(Beginning of Records to use)

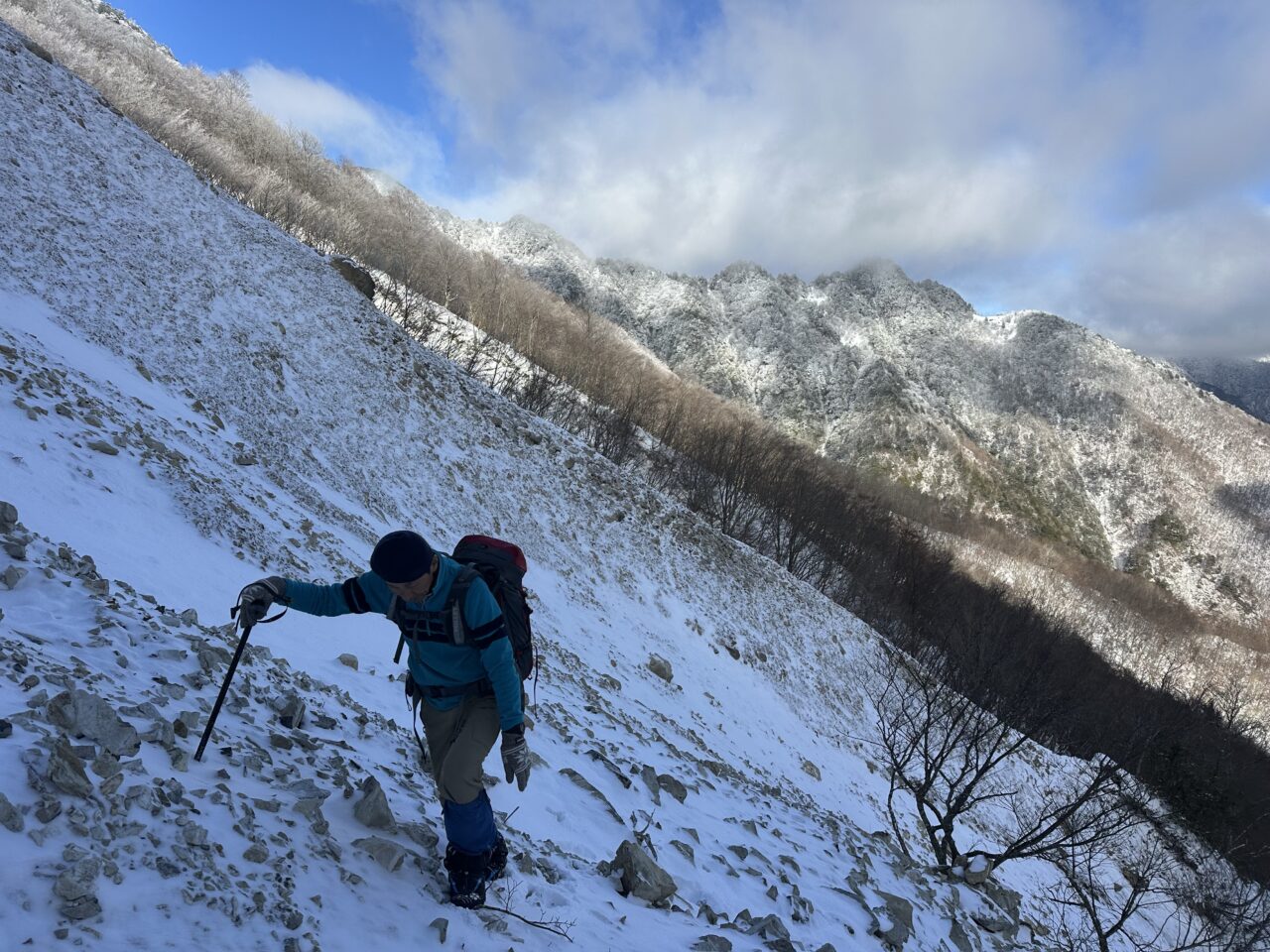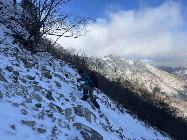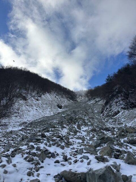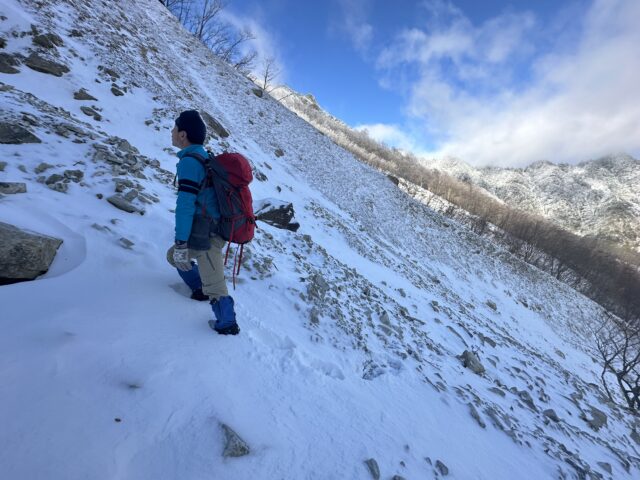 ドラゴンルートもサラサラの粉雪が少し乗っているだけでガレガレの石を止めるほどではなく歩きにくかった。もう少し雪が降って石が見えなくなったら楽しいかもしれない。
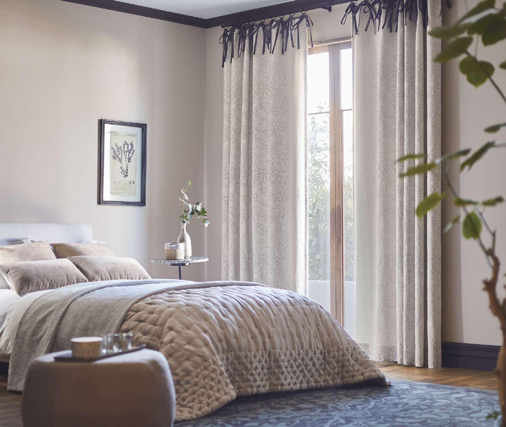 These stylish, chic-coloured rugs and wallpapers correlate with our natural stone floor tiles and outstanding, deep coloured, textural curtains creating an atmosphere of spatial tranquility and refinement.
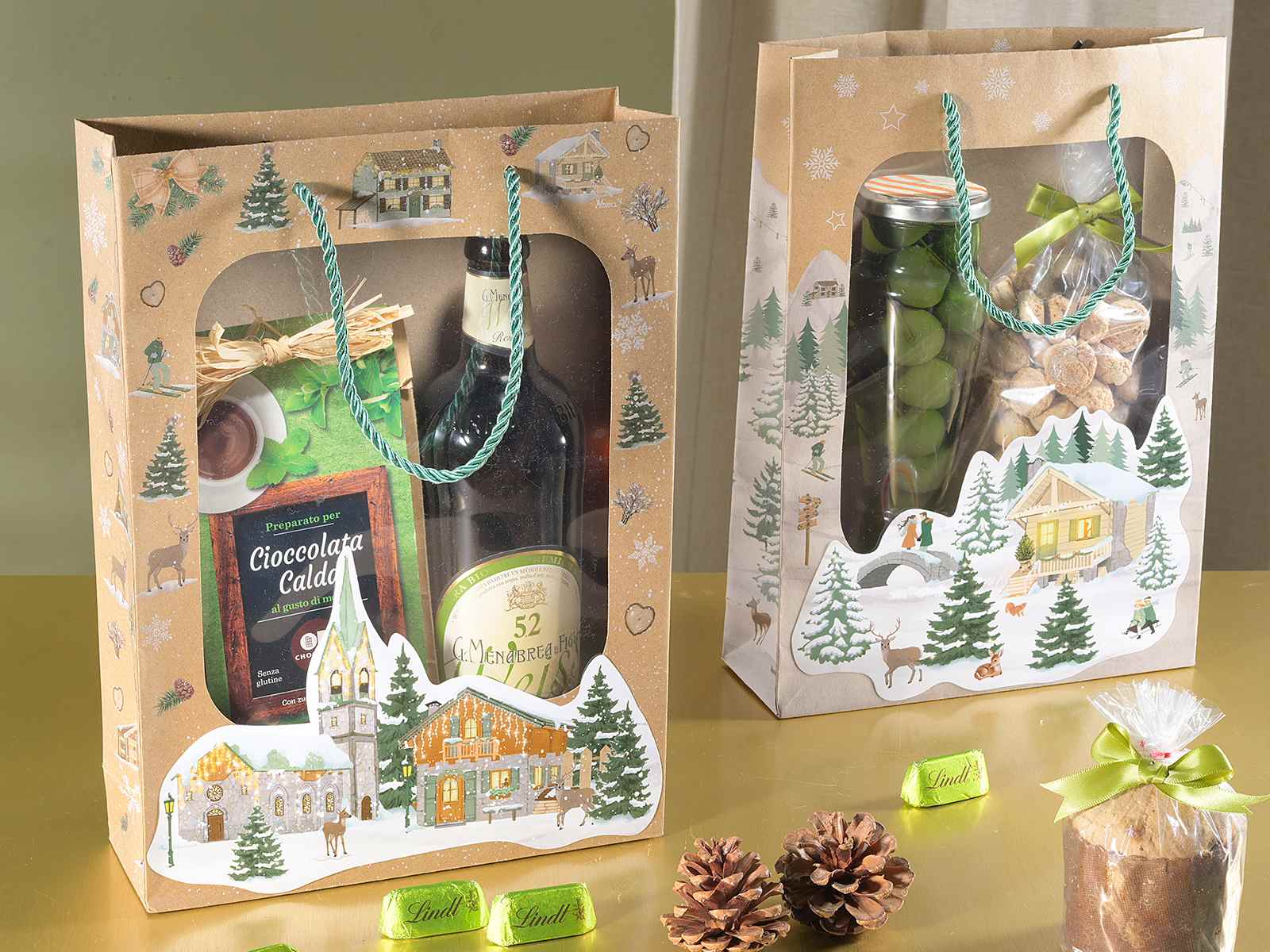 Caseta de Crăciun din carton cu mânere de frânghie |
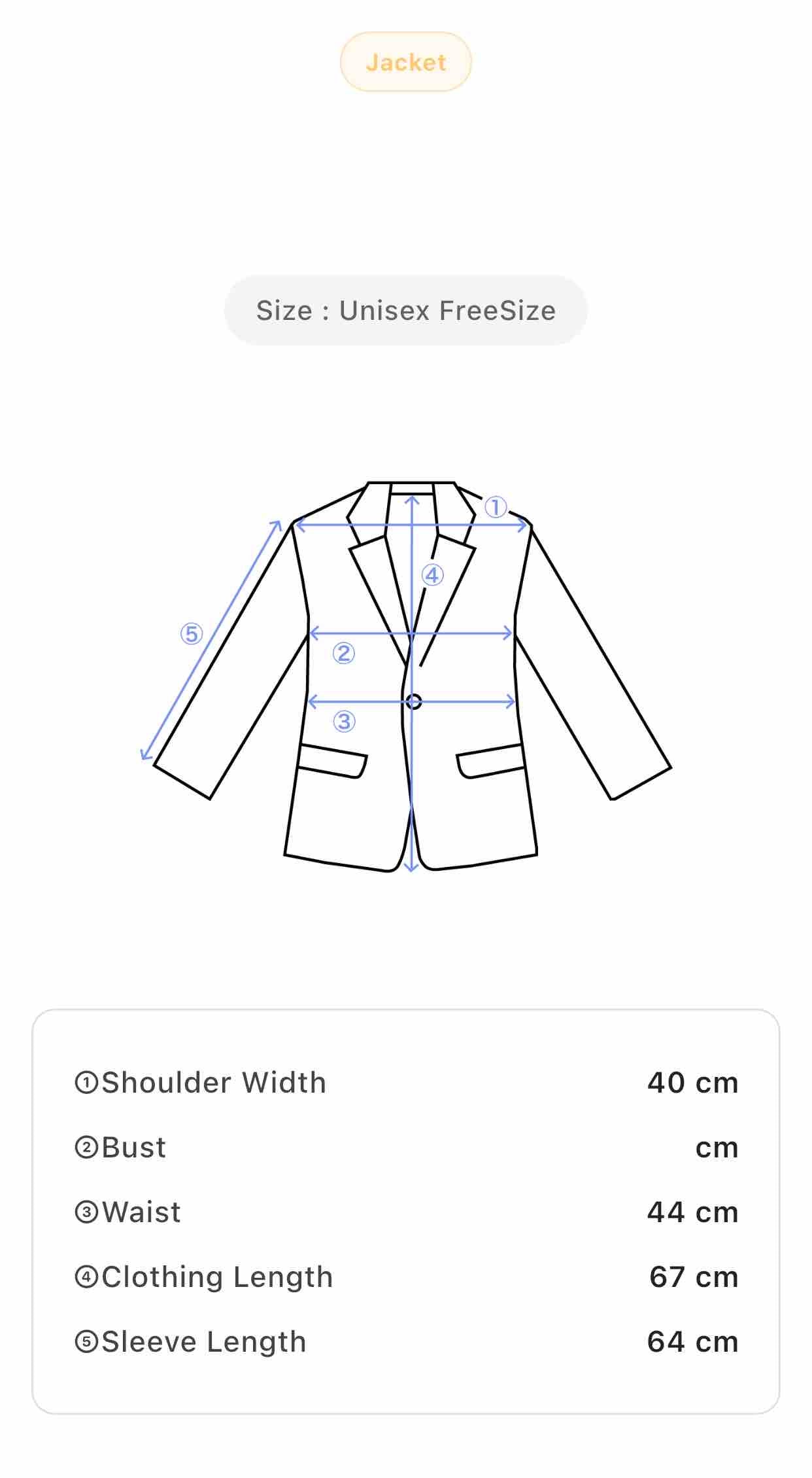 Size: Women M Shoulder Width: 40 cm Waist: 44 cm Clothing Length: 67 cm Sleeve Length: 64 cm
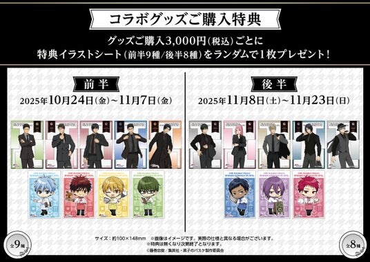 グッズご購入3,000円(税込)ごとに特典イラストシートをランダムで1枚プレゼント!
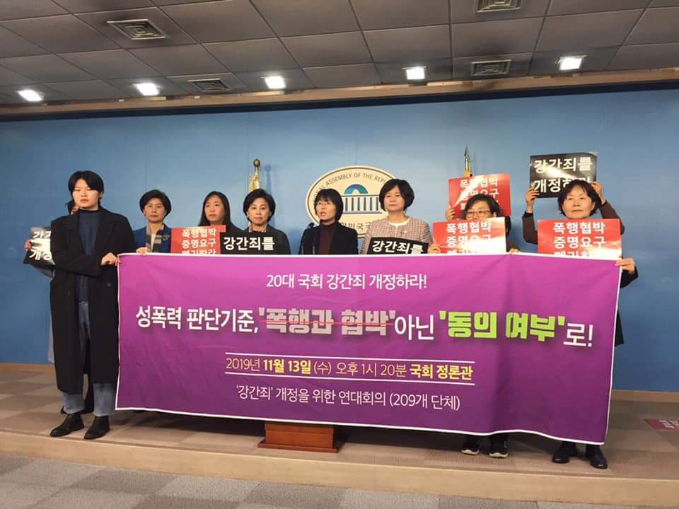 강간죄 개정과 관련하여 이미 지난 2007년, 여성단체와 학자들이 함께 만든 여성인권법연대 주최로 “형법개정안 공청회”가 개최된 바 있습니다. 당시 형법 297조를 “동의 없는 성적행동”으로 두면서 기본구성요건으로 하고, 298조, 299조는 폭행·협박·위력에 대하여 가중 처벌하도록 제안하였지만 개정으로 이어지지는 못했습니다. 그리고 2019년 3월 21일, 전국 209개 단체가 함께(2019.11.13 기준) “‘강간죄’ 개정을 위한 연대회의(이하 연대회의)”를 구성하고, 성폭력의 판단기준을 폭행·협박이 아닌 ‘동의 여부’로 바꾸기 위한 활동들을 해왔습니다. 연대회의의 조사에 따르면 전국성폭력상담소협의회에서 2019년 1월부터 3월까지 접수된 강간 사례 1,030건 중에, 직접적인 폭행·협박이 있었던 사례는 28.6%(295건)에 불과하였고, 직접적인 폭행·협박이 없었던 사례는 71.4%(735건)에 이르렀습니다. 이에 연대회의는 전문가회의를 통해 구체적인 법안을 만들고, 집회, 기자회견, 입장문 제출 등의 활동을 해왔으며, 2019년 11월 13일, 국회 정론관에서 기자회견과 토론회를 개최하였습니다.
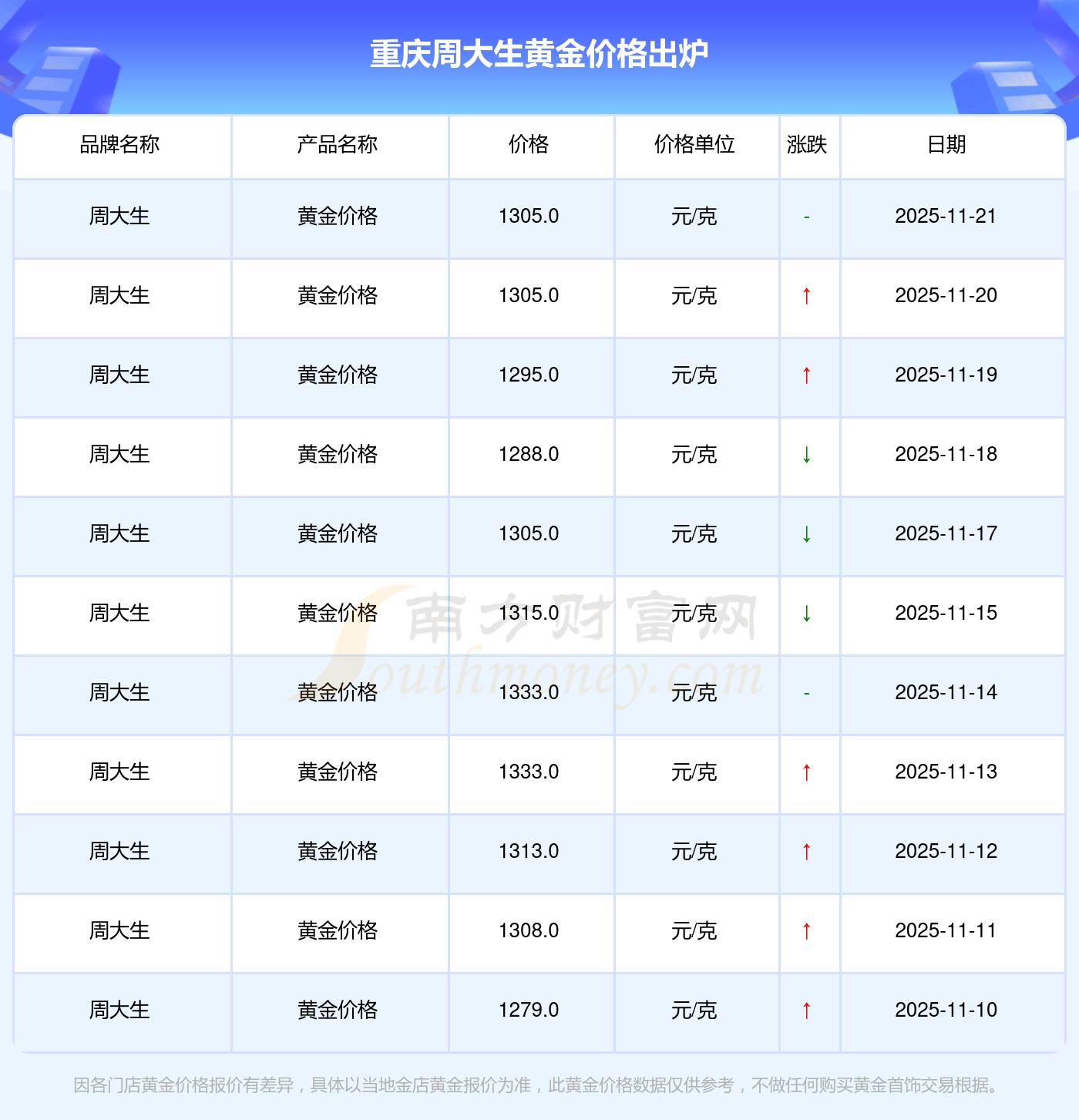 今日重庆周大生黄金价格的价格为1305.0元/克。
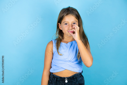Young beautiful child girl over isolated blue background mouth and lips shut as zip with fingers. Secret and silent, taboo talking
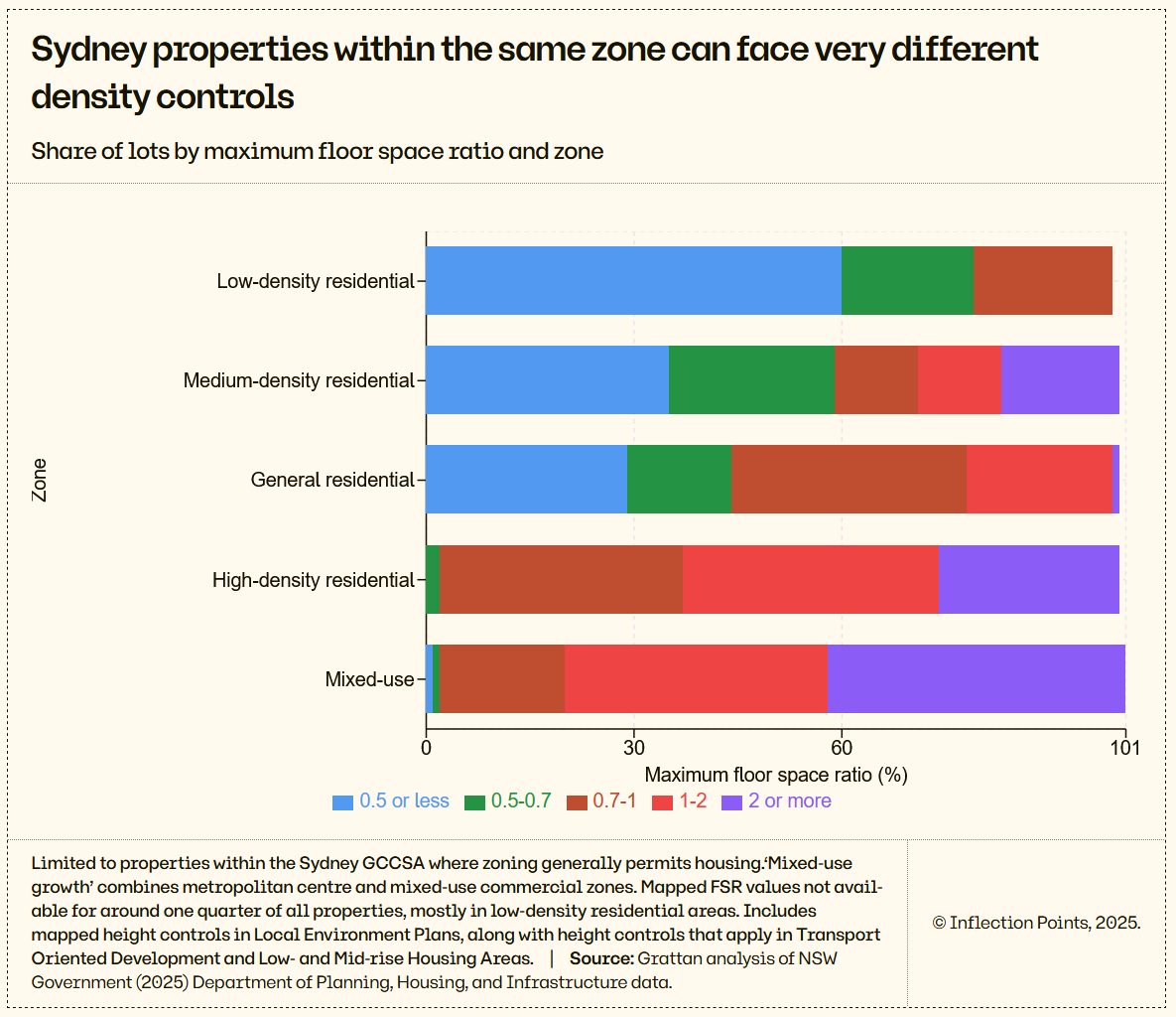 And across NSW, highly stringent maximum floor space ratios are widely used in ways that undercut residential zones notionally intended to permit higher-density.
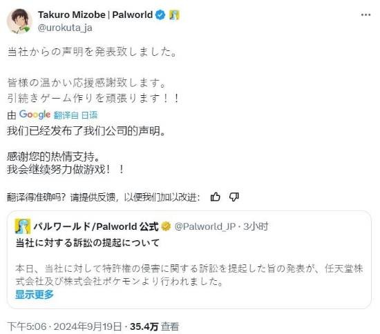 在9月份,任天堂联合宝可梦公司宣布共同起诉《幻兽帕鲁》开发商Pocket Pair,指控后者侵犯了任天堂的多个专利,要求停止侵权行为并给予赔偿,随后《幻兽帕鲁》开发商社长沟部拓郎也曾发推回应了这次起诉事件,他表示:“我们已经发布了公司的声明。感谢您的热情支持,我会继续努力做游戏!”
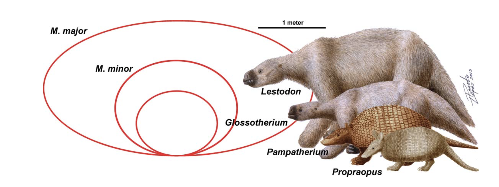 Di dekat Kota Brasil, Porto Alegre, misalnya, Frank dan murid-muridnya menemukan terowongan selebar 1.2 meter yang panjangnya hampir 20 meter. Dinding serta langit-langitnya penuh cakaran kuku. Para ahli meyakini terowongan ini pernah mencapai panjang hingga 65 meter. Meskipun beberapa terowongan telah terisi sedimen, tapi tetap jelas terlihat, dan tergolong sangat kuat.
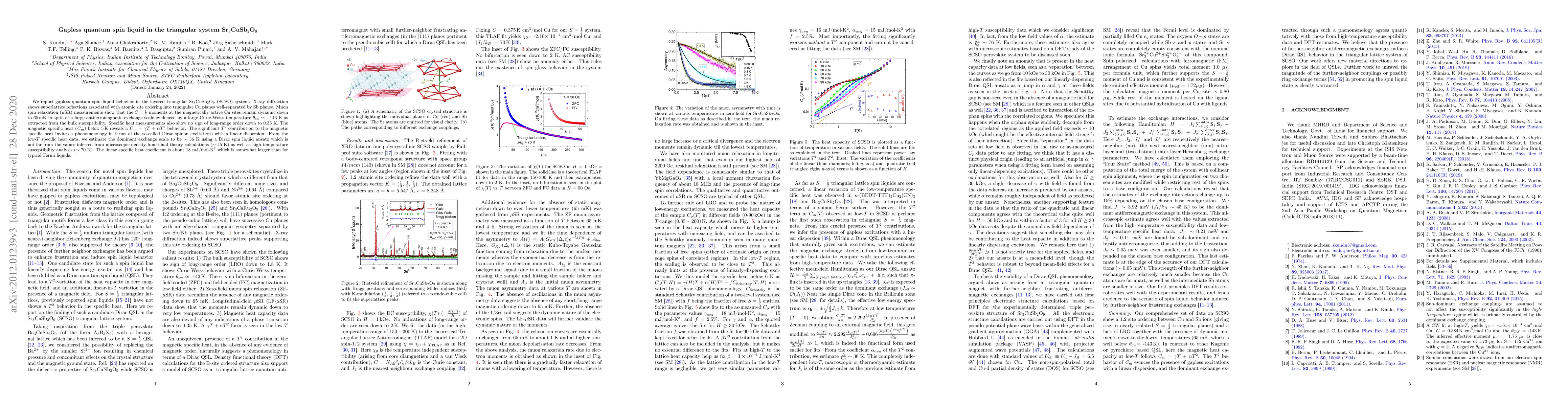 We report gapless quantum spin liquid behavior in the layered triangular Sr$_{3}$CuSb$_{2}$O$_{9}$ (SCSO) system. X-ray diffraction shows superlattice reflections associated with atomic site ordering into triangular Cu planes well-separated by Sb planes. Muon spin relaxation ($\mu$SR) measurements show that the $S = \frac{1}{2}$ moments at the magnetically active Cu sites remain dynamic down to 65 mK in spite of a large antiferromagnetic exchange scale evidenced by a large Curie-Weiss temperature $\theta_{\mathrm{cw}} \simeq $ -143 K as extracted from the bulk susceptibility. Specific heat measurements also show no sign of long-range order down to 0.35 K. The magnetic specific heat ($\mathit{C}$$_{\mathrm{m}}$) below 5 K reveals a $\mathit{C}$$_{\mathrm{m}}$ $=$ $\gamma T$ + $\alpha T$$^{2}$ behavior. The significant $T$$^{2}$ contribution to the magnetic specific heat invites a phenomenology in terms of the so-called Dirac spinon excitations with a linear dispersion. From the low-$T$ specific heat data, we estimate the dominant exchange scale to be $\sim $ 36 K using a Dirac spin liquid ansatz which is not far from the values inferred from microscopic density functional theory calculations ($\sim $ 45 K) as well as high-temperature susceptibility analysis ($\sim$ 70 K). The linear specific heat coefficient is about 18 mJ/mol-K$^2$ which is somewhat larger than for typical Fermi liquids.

(End of Records to use)

Give back the material exactly as written, from its first line to the line that contains "今日重庆周大生黄金价格的价格为1305.0元/克。", and leave out the pictures.

• Exercise output
 ドラゴンルートもサラサラの粉雪が少し乗っているだけでガレガレの石を止めるほどではなく歩きにくかった。もう少し雪が降って石が見えなくなったら楽しいかもしれない。
 These stylish, chic-coloured rugs and wallpapers correlate with our natural stone floor tiles and outstanding, deep coloured, textural curtains creating an atmosphere of spatial tranquility and refinement.
 Caseta de Crăciun din carton cu mânere de frânghie |
 Size: Women M Shoulder Width: 40 cm Waist: 44 cm Clothing Length: 67 cm Sleeve Length: 64 cm
 グッズご購入3,000円(税込)ごとに特典イラストシートをランダムで1枚プレゼント!
 강간죄 개정과 관련하여 이미 지난 2007년, 여성단체와 학자들이 함께 만든 여성인권법연대 주최로 “형법개정안 공청회”가 개최된 바 있습니다. 당시 형법 297조를 “동의 없는 성적행동”으로 두면서 기본구성요건으로 하고, 298조, 299조는 폭행·협박·위력에 대하여 가중 처벌하도록 제안하였지만 개정으로 이어지지는 못했습니다. 그리고 2019년 3월 21일, 전국 209개 단체가 함께(2019.11.13 기준) “‘강간죄’ 개정을 위한 연대회의(이하 연대회의)”를 구성하고, 성폭력의 판단기준을 폭행·협박이 아닌 ‘동의 여부’로 바꾸기 위한 활동들을 해왔습니다. 연대회의의 조사에 따르면 전국성폭력상담소협의회에서 2019년 1월부터 3월까지 접수된 강간 사례 1,030건 중에, 직접적인 폭행·협박이 있었던 사례는 28.6%(295건)에 불과하였고, 직접적인 폭행·협박이 없었던 사례는 71.4%(735건)에 이르렀습니다. 이에 연대회의는 전문가회의를 통해 구체적인 법안을 만들고, 집회, 기자회견, 입장문 제출 등의 활동을 해왔으며, 2019년 11월 13일, 국회 정론관에서 기자회견과 토론회를 개최하였습니다.
 今日重庆周大生黄金价格的价格为1305.0元/克。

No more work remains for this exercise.